A module for creating and storing DNA parts for Loop Assembly

Project description

Welcome to LoopDB

LoopDB is a module for creating and storing DNA parts for Loop Assembly. It comes with a prebuilt schema for implementing original Loop Assembly protocol, but is completely general and allows alternative schema definitions ( see manual-example ).

For a quick introduction please read the Getting started section. Have a look at the Tables section for a brief description of the underlying data structure. Check out example folders with some code to get you started. Refer to Advanced for getting hold of SQLAlchemy functions.

Any other questions? Please file an issue, or contact me at m.delmans@gmail.com

Getting started

Installing LoopDB

LoopDB is available through PyPi, so you can just

pip install loopdb

Setting up a database

LoopDB is based on SQLAlchemy, which allows to use most of the common database back-ends. We recommend using PostgreSQL. After you have installed PostgreSQL, or any other database server, create a new database. With PostgreSQL it can be done with

createdb loopdb

Initialising LoopDB

Create a loopDB instance by

from loopDB import LoopDB

loopDB = LoopDB( 'postgresql:///loopdb', clean = True )

where the first argument is the address of your database, and clean flag determines whether the database should be emptied before initialisation.
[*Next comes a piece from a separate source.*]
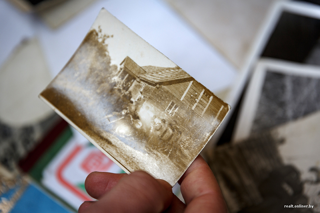 Просим Чеслава поискать старые фотографии деревни. Мужчина уходит в дом и выносит целую коробку с черно-белыми снимками и открытками.

Default is clean=False. ##### Setting up a schema

Now it’s time to create a schema for the Loop Assembly. This involves setting up the restriction enzyme, restriction enzyme site, base sequence and backbone tables, which will be used for defying and storing parts. Read more about data structure in the Tables section. You have two options to crate a schema, either using a json file or manually. Please refer to the schema-example and manual-example.

Adding a part

You can define a new Level 0 part by using LoopDB.addPart() method, followed by the LoopDB.commit() method

myPart = loopDB.addPart(name = "My Part", seq = "ATG...", backbone = "L0-CDS")
loopDB.commit()

where backbone is a name of a backbone you want to use for your part. If you are adding more than one part, you can commit only onece after you issued several addPart() commands. Alternatively you can load the part from a GenBank file, whcih will preserve and store all the sequence annotations.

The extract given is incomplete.